On Sun, 12 Aug 2007 10:46:47 -0700, Jman
wrote:

Well, I actually have a 12" shear right now, along with electric hand
shears and a hand shears. I use them mostly for straight cuts and
such but what I need 'this tool' for is more intricate cutting. As an
example, I have been trying to cut out the tracing of my little guys
hand and airbrush it with his favourite colours.... We do this
together (the painting) and I think it will make a nice little
keepsake for when he gets older (I plan on doing this every year or so
to show how much he grew..)

In any event, I've been attempting to do some similar work small
shapes and images of animals, utensils and such and it's
been.....well, a disaster ! I've been able to do much of the work
with very light gauge material and a good pair of snips, but that just
won't work with the heavier stuff. So basically I need a cutting tool
that's going to be able to cut everything from a 3 inch crescent
shape, to something as big as a handprint.

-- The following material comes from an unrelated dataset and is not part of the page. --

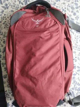 Mochila Osprey Farpoint 40 en color rojo. Se ha usado 5 veces, literal. - Diseño versátil y funcional. - Compartimento principal espacioso. - Bolsillos laterales de malla. - Correas de compresión ajustables.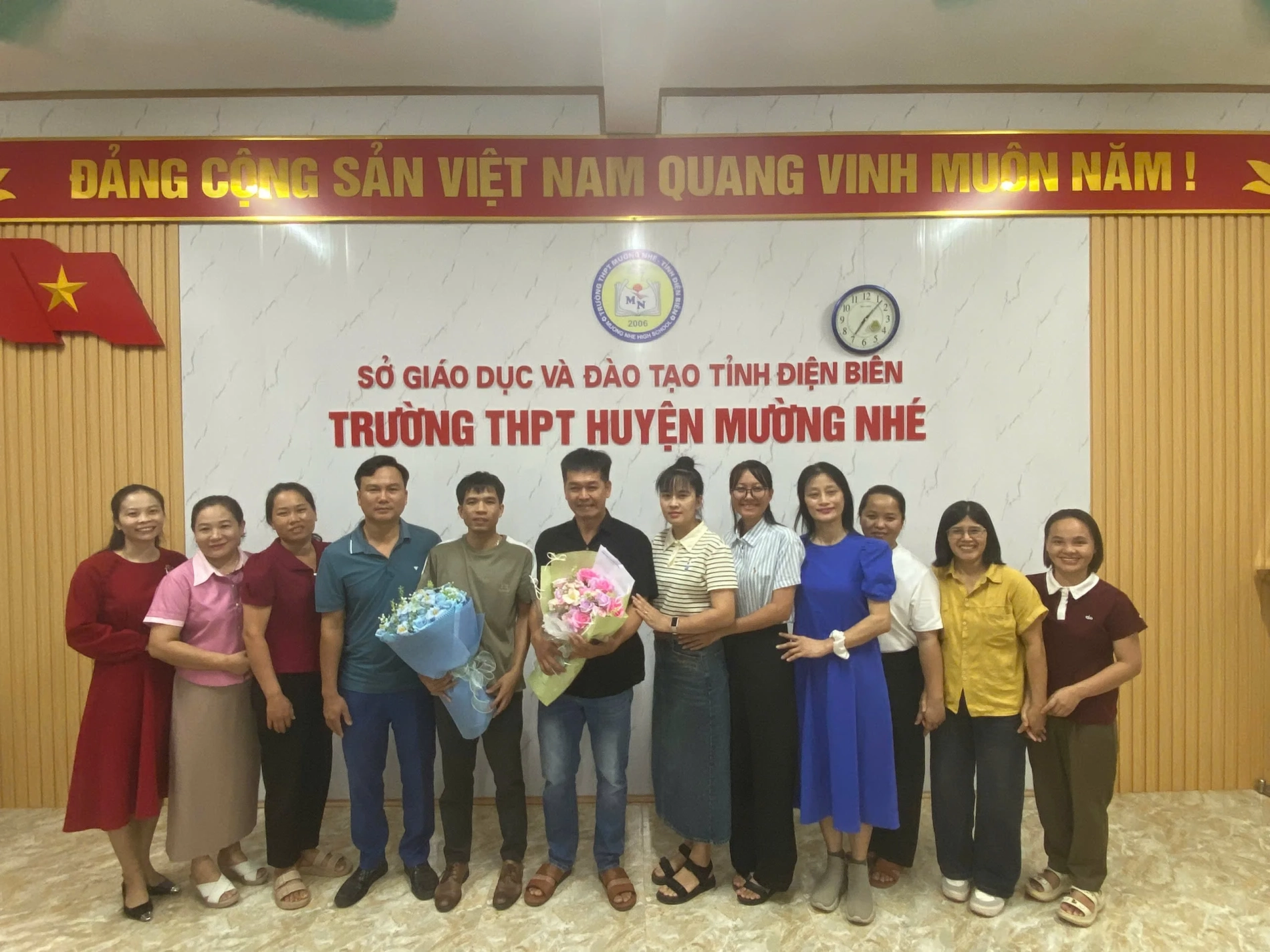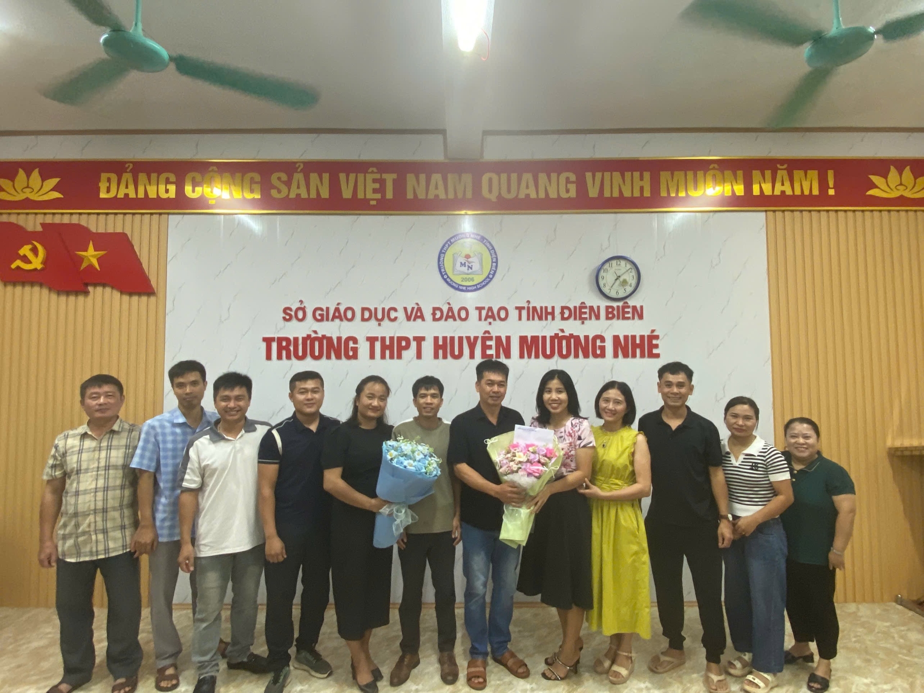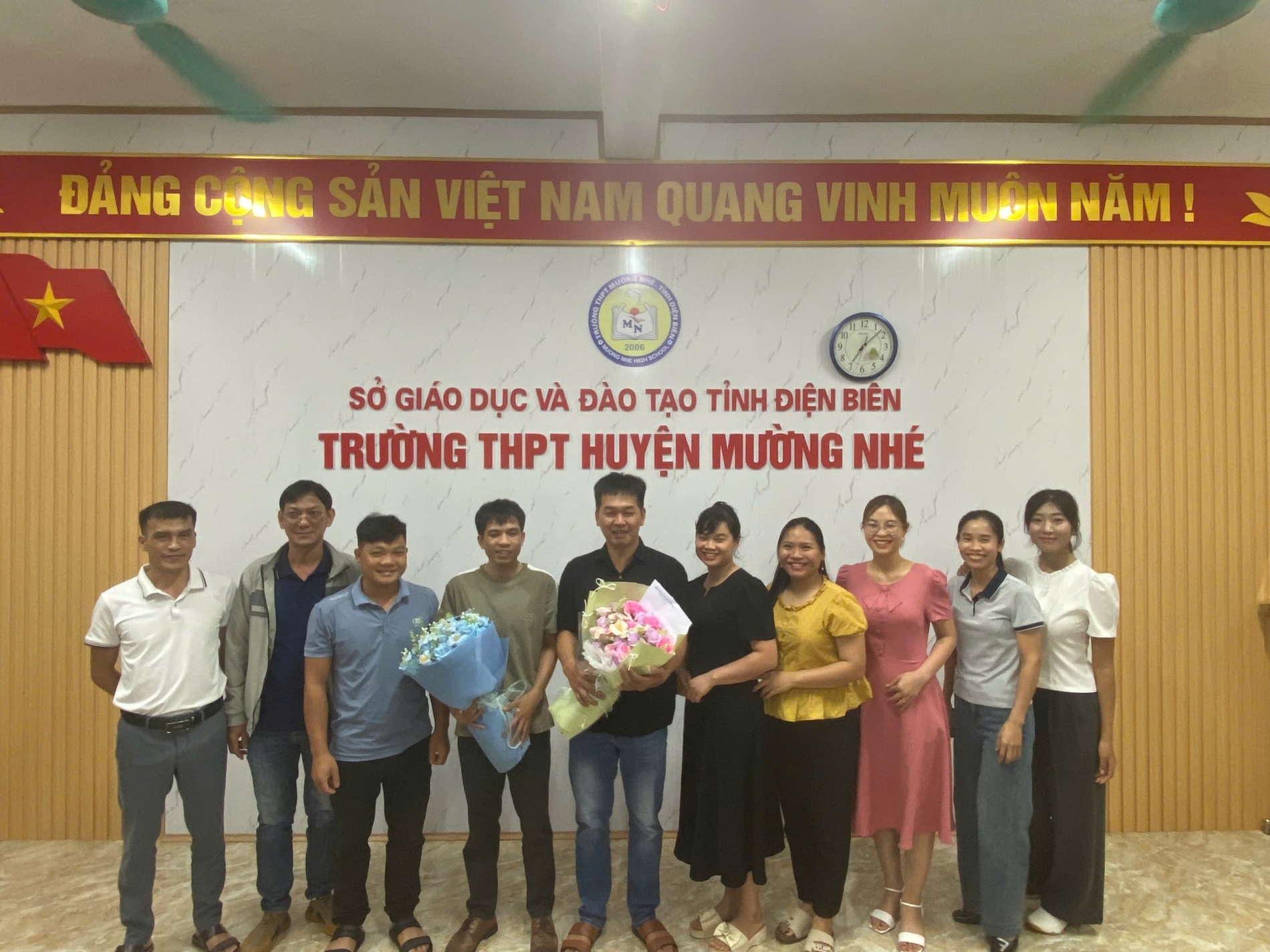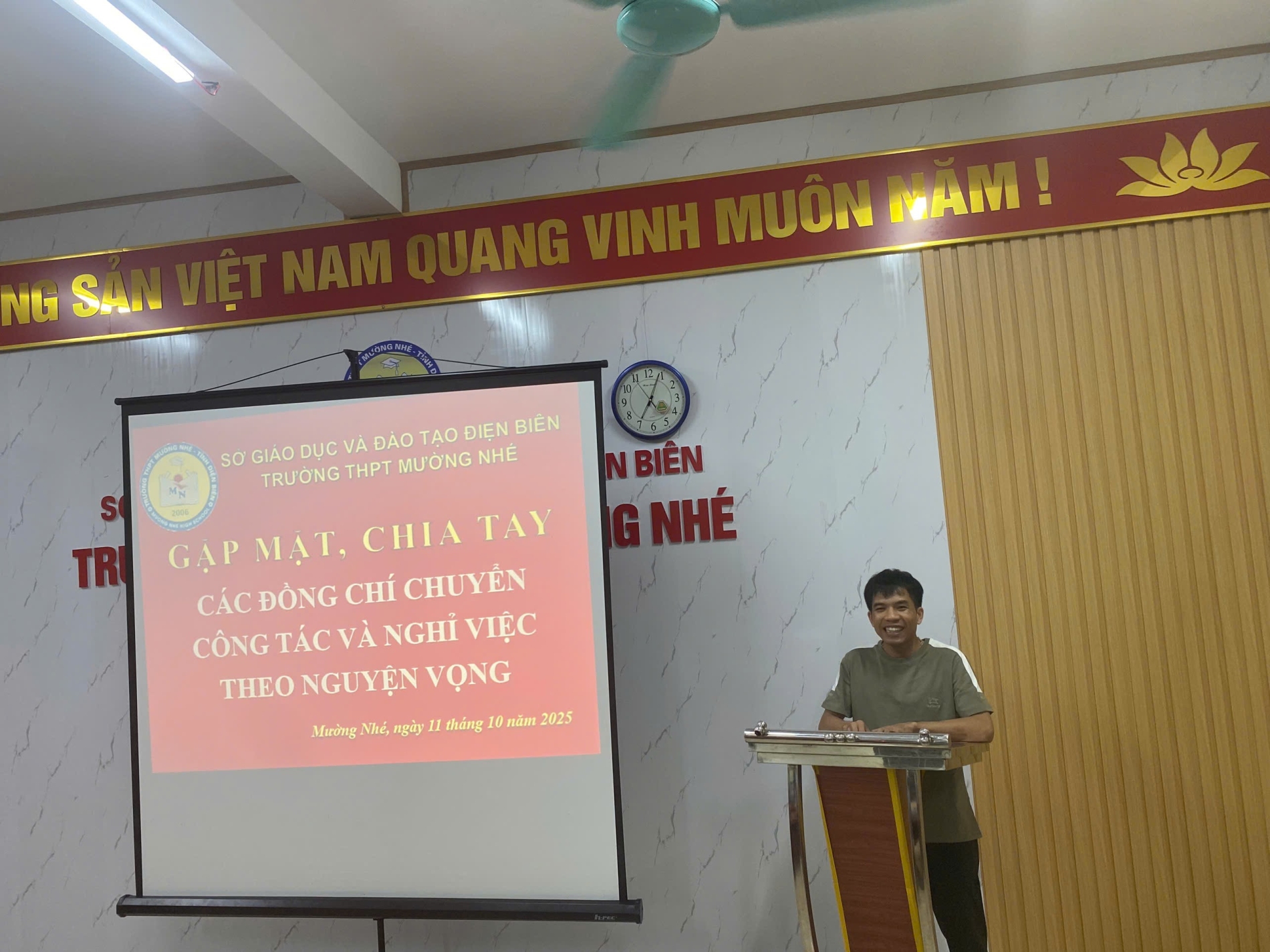 Ngày 11 tháng 10 năm 2025 trong không khí ấm áp, nghĩa tình, trường THPT Mường Nhé tổ chức buổi gặp mặt, chia tay các giáo viên chuyển công tác và nhân viên xin nghỉ việc theo nguyện vọng cá nhân. Đây là một nghĩa cử cao đẹp, thể hiện tình cảm gắn bó, sẻ chia giữa các đồng chí, đồng nghiệp sau những năm tháng cùng nhau công tác, cống hiến cho sự nghiệp trồng người. Với mong muốn thầy cô luôn lưu giữ những kỷ niệm tốt đẹp nhất về mái trường, đồng nghiệp, các em học sinh thân yêu của trường THPT Mường Nhé. Tham dự buổi gặp mặt, chia tay có thầy giáo Lê Trường Giang, Bí thư chi bộ, Hiệu trưởng nhà trường, các đồng chí chuyển công tác và xin nghỉ việc cùng đông đủ các thầy cô giáo, nhân viên nhà trường.

- I'm not producing this 'en masse' so no production facility in the
near future.

- My budget is around $1500.00 US dollars.

Thanks again,

/MM


I'd say either plasma or Beverly shear, clean up to the line with a
file. Filing goes very quickly with sheetmetal, particularly aluminum
and copper but also even with 12-gage steel. Beverly will cut anything
from shim stock to 12 gage effortlessly (can do 1/8" mild steel), and
it is capable (with practice) of cutting rather intricate shapes.
Plasma can cut arbitrarily intricate shapes but will require a
template and a few minutes of cleanup with a file. A 110-volt-powered
25-amp plasma cutter would more than suffice for your needs. You
could get both the Beverly and the plasma within your budget. If you
have compressed air, I'd add a $30 die grinder with a 3" sanding disc.
That'll smooth sheetmetal to a scribe line right now, once you've
chewed away most of the excess some other way.

HF offers a throatless shear Beverly clone. I don't know if it's any
good or not, but I would suspect not. My experience is with a Beverly
B-2. It is a sturdy, very well-made tool. A B-1 would probably suit
you better for a bit less $. Note the sample cut he

http://www.tinmantech.com/html/beverly_shear_b1.php

I've long wondered what the scale of that sample was.